:: Your assignment ::
Copy out exactly the lines below that run from the one holding "Du kannst aus" to the one holding "И там ещё на", keeping both of those lines and no others.

:: The input ::

########

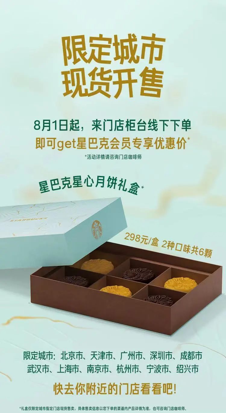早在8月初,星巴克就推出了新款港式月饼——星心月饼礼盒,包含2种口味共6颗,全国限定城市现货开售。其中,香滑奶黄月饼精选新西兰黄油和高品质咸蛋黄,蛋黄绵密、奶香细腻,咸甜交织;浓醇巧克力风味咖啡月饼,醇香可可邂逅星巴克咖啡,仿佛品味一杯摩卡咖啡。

########

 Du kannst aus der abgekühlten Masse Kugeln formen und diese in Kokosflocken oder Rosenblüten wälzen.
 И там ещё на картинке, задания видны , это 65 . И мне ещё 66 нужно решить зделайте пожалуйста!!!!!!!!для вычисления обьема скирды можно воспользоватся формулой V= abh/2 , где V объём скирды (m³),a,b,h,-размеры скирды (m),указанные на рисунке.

########

:: Answer below ::
 Du kannst aus der abgekühlten Masse Kugeln formen und diese in Kokosflocken oder Rosenblüten wälzen.
 И там ещё на картинке, задания видны , это 65 . И мне ещё 66 нужно решить зделайте пожалуйста!!!!!!!!для вычисления обьема скирды можно воспользоватся формулой V= abh/2 , где V объём скирды (m³),a,b,h,-размеры скирды (m),указанные на рисунке.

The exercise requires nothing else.